In Serein


1-1-3 Too Hard, Too Cold

When I came home that night, my father beat me with his belt, and then he beat me with his stick. Then he dragged me by the hair and punched me in the face. It hurt like hell and there were times (like when he was kicking me into my side and chest and my  head was crushed against the larder door so hard that my spine was creaking) when I wondered from far away if he would have it in him to actually kill me this night.

He kept calling me a whore which was puzzling in so far that the main argument for the beating was the complaints from Lak’s father about me scratching his little boy’s face so deeply that it bled and kneeing him in the groin so badly that he had to crawl home and still was quite fainted.

The marriage was off and with it, any hope of cheap meat for the family in the future; and who would wed me after this?

He tired himself out eventually and went upstairs, his heavy boots clomping and squeaking the rickety wooden treads. Mother never showed her face, the baby was crying as usual and Sef my little brother was crying too because I was the only one who stood with him or showed him any kind of kindness.

All of that faded eventually as did the dingy kitchen with the mud floor as the meagre fire in the hearth burned low and out, and eventually the cold got to be worse than the pains and calmly and with care I organised my muscles one by one to slide across the floor, to pull myself up on the doorframe and reach to undo the latch on the door, to slither across the thick threshold stone (carved with the symbols of protection against evil – they had always faced the wrong way, I had thought) and out into the damp cold night. Another hour or so of gentle flexing and methodical stretching this and that (oh it was cold! so damn cold!) and I could stand, then hobble, slowly through the very, very dark village and towards the path that led from the village, out onto the main road and up to the mountain.

The moon sat fat and bright atop the monastery, as though they put it there so I would be able to make my way that night. So that when it was too hard, too cold, too much pain, I had something to look at that would keep me going, on and up.

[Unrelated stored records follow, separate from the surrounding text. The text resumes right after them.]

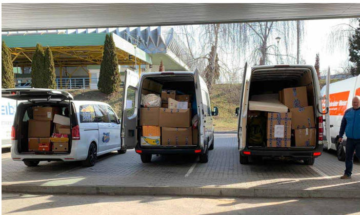
Der EHC machte sich selbst auf den Weg und fuhr sechs Transporter voller Hilfsgüter in die Ukraine.

Auch der EHC hat eine Spendenaktion initiiert. Am 11. März starteten sechs Transporter früh um 8 Uhr ihre Reise nach Ungarn, wo sie, 10km vom Grenzübergang entfernt, ihr Nachtlager bezogen, bevor es am nächsten Morgen in die Ukraine weiterging. Nach drei Stunden Wartezeit an der ukrainischen Zollkontrolle war die Kolonne dann endlich am Ziel angekommen: eine Tankstelle ca. 10km hinter dem Grenzübergang auf ukrainischer Seite. Die Hilfsbereitschaft war auch bei dieser Spendenaktion enorm. Die Annahme musste nach einiger Zeit gestoppt werden, da der Platz in den Transport-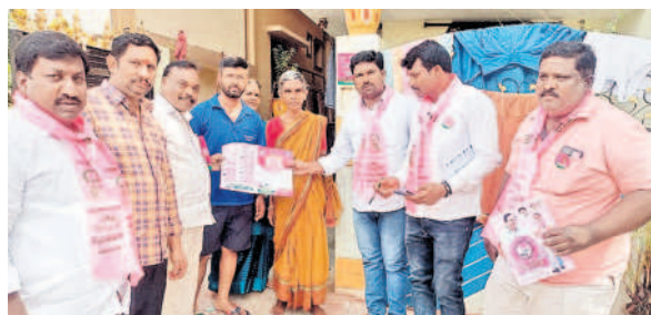
ఇంటింటి ప్రచారం చేస్తున్న డివిజన్ కార్యక విభాగం అధ్యక్షుడు సూరారపు జలంధర్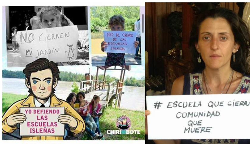
Foto 3. Formas de apoyo externas a la comunidad educativa isleña expresadas en las redes sociales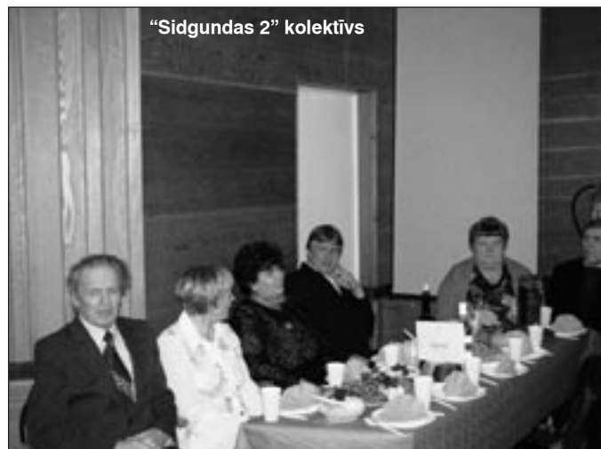
“Sidgundas 2” kolektīvs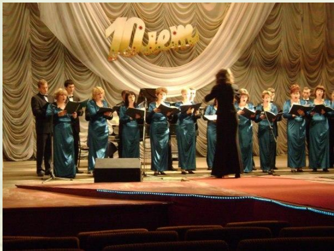
Камерный хор "Откровение"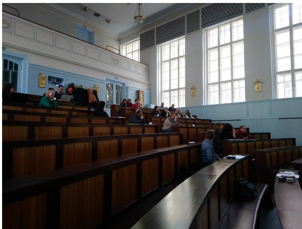
Výroční konference IALE-CZ, která se konala 7. 2. 2023 na Albertově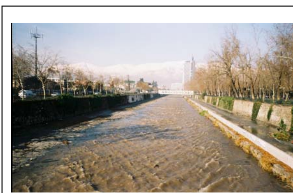
Fig.6. Río Mapocho frente a los Parques Gómez Rojas (iz.) y Parque Forestal (der.).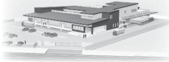
「新設学校給食センター」の完成イメージ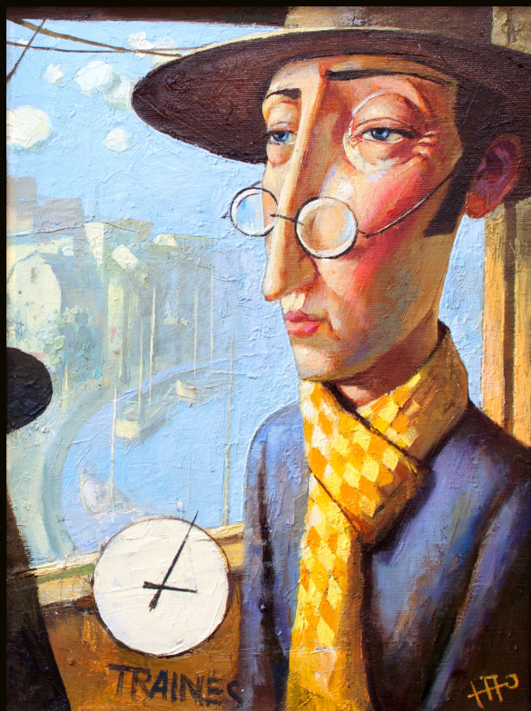
Юрий Попов | Электрички | 40×30 | 2014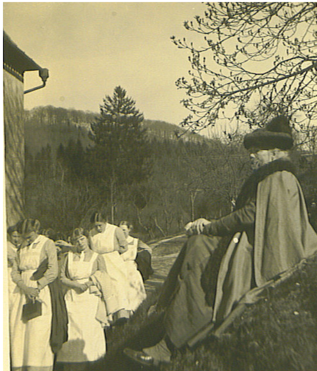
Ida von Kortzfleisch im Jahre 1912

Die Ausbildungsstätten, die Ida von Kortzfleisch ins Leben rief, füllten eine Lücke im Bildungswesen, nahmen Einfluss auf die Landflucht, die Landfrauenbewegung und auf das ländlich-hauswirtschaftliche Schul- und Lehrlingswesen. Für die gesamte Land- und Volkswirtschaft ist die Bedeutung der Reifensteiner Schulen nicht zu unterschätzen.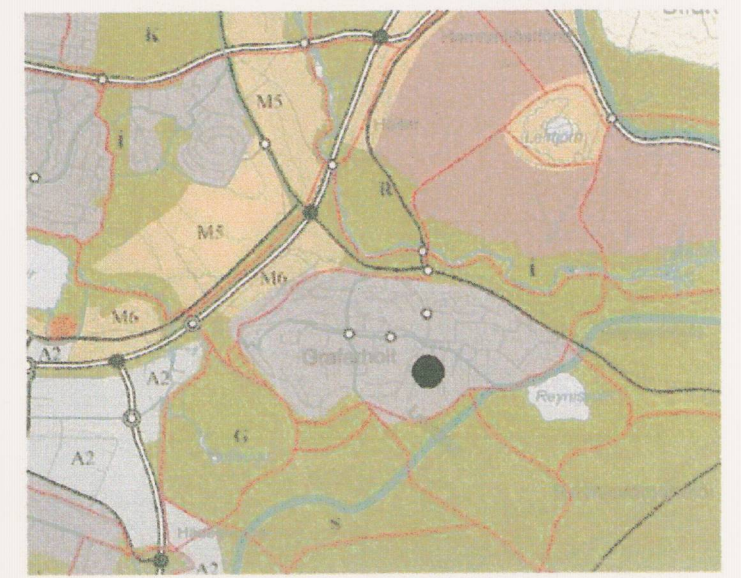
Hluti Aðalskipulags Reykjavíkur 2001-2024

Að öllu öðru leyti gilda samþykktir skilmálar.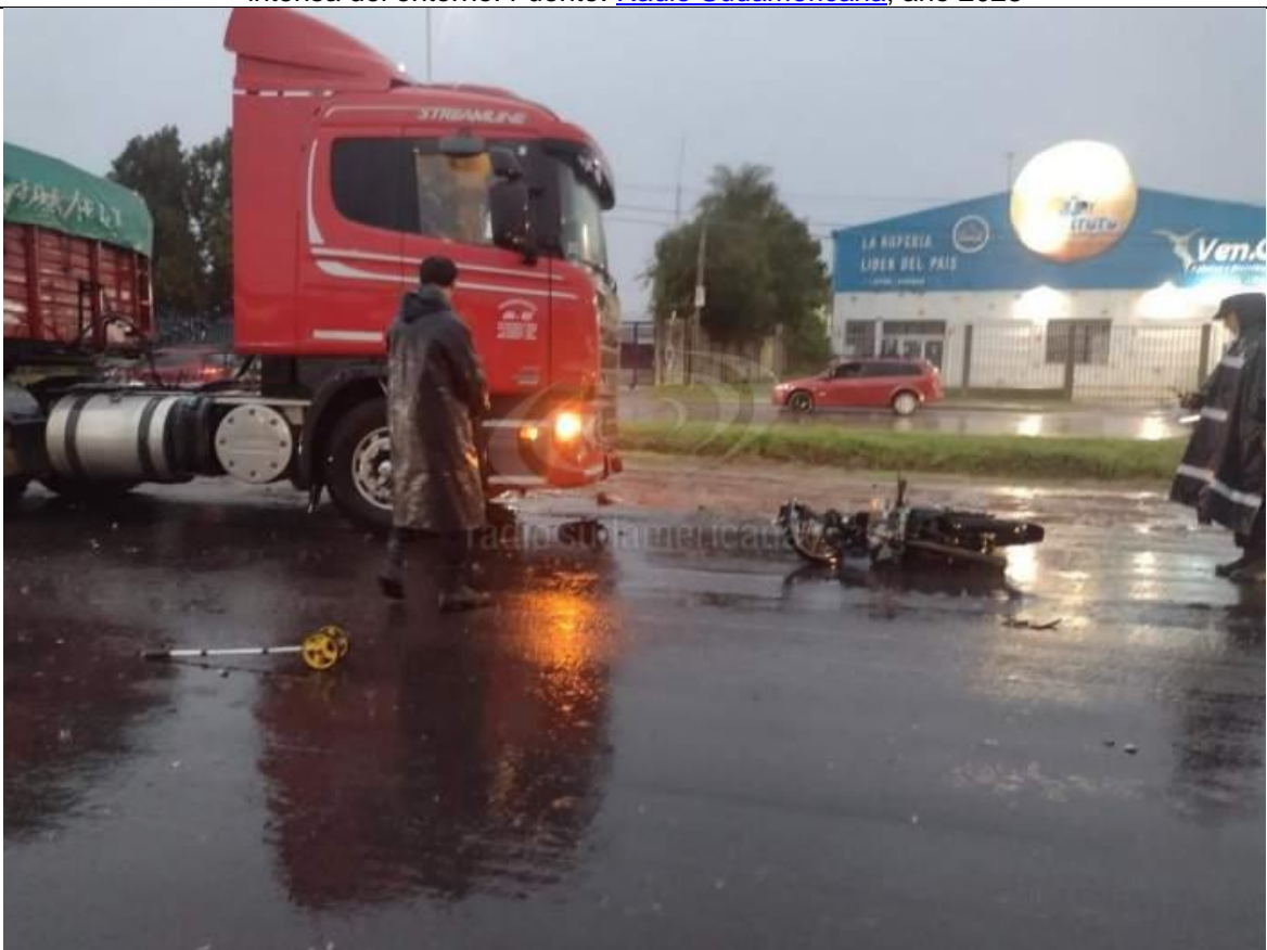
Figura 4. Vista de la posición final del Vehículo 2 con relación a la posición final del Vehículo 1.

I did feel sorry for my body.

It should have been resting, have ointments and herbs placed upon it, white bright bandages to soak up the blood. I spoke to it kindly and promised to take more care of it in future, and in return, it worked for me like a trusted horse and it kept dragging on and up the ever steeper path.

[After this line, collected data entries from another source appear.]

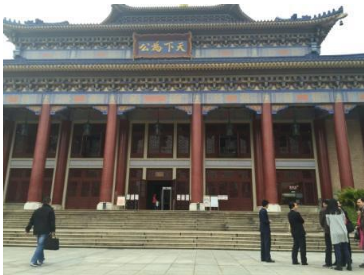
圖 5：出席代表參觀廣州中山堂

於 12 月 14 日下午，透過主辦單位的安排，前往參訪廣州市中山紀念堂，該紀念堂位於廣東省廣州市越秀區東風中路 259 號，曾是明代廣東督司、清出巡府院署、清末撫標箭道位址。辛亥革命後為廣東省督軍署，廣州軍政府之所在。1921 年 5 月 5 日孫中山先生在廣州就任非常大總統時，就將總統府設於此。後因陳炯明叛變，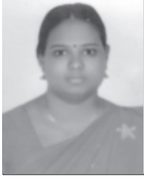
ധന്യ പി.ഡി. മലയാളം അദ്ധ്യാപിക ശ്രീ ശങ്കരാചാര്യ സംസ്കൃത കോളേജ്, കാലടി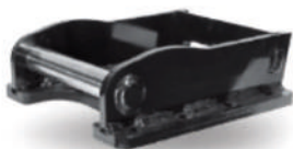
Sistema di aggancio rapido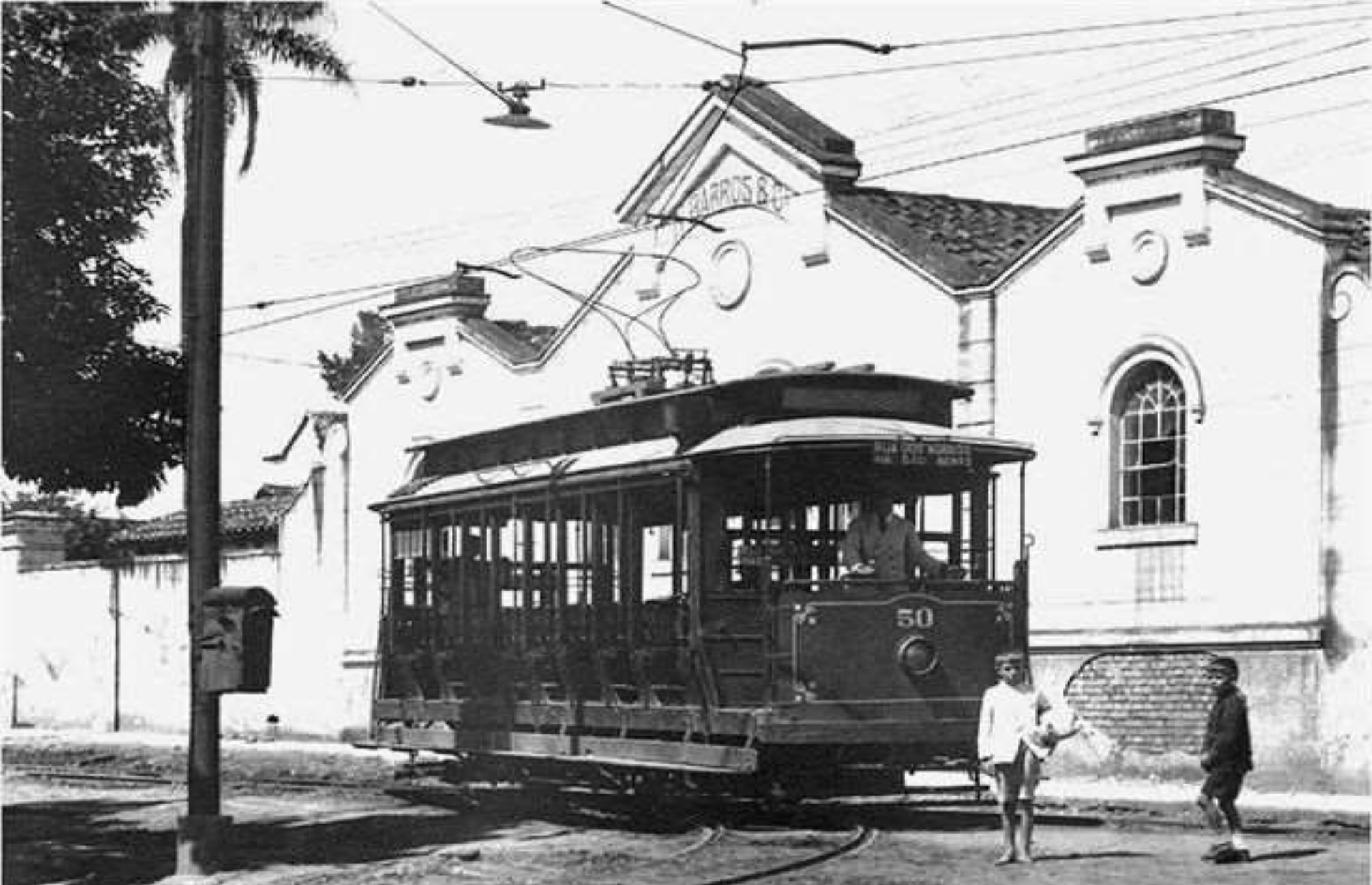
Praça Arthur Fajardo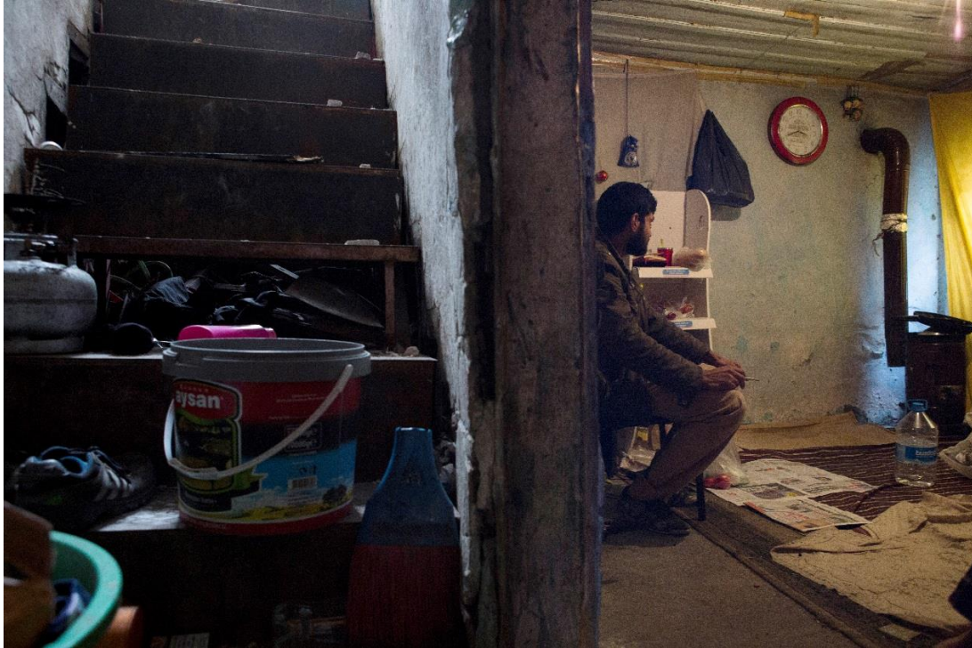
İstanbul'da yaşayan Afgan bir sığınmacı. Afganlar için ne Türkiye'de entegre olmak ne de başka bir ülkeye yerleştirilmek gerçekçi bir seçenek.

Bu bölümde AB-Türkiye Anlaşması çerçevesinde sığınmacı ve mültecilerin Türkiye'ye geri gönderilebilmeleri için karşılanması gereken ikinci şart, yani geri gönderilenlerin "kalıcı çözüm" olarak anılan mekanizmalara erişimi tartışılıyor. BMMYK, kalıcı çözüm şartının, eğer güvenli ise menşe ülkeye geri dönüş, entegrasyon ve üçüncü ülkeye yeniden yerleştirme olmak üzere üç farklı şekilde olabileceğini tespit ediyor. Türkiye'de yaşayan mültecilere yönelik geniş ölçekli bir yeniden yerleştirme programının en azından bugüne kadar tesis edilmediği ve hem Suriyeliler hem de diğer mülteci grupları için güvenli geri dönüşün çok düşük bir olasılık olduğu bir çerçevede, uzun süreli bir statüye ve buna bağlı haklara sahip olmak özel bir önem kazanıyor. Türkiye'nin mültecilere kalıcı çözüm sunma imkânı ise, Avrupalı olmayanlara tam bir mülteci statüsü vermeyi reddetmesi nedeniyle ciddi düzeyde bir sorun teşkil ediyor.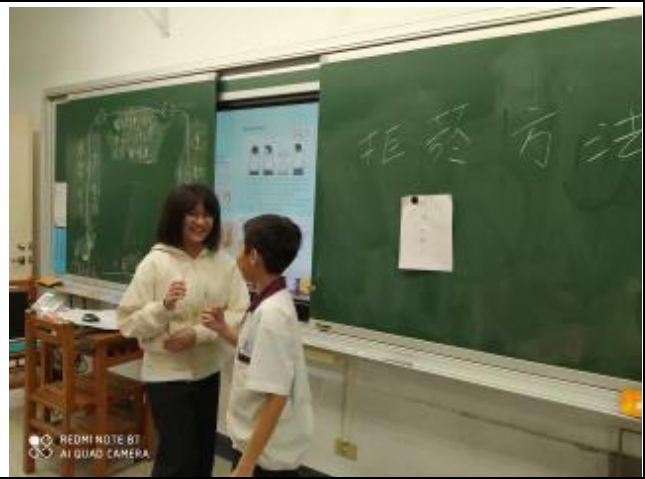
說明：利用實際演練，讓學生拒絕菸害。

When the mountain itself obscured the moon, things became very difficult indeed. I had a notion that if I was to stop I would never get there at all, and this frightened me more (fright is a strange pain!) than the terrible weariness and the hurts and aches and shards in my lungs as though I was breathing broken glass.

When I could no longer walk, I crawled, and when the dawn came, there were only the last few steps now hewn beautifully from the grey rock, silky smooth, moist and perhaps two dozen strides across a circular courtyard to the huge dark wooden doors.

Up until then, I kept myself moving. But now I was so close, my determination faltered and these last few obstacles and distances seemed too much for me.

I put my bleeding hands into the pocket (secretly sewn into the folds of my skirt for safeguarding the precious) and touched the humming black stone. It was warm from my body, and the vibrations spread through my fingertips, up my arm and closer still to my heart, and my mind grew clear and calm, and I instructed my body on that last ascend, up the steps one by one, across the courtyard, like a snail, wondering if I was leaving a trail of blood and pain behind me as I crawled.

I tried to knock on the door but could not; I managed to get the humming stone from my pocket and touch it to the door instead, then everything went blank.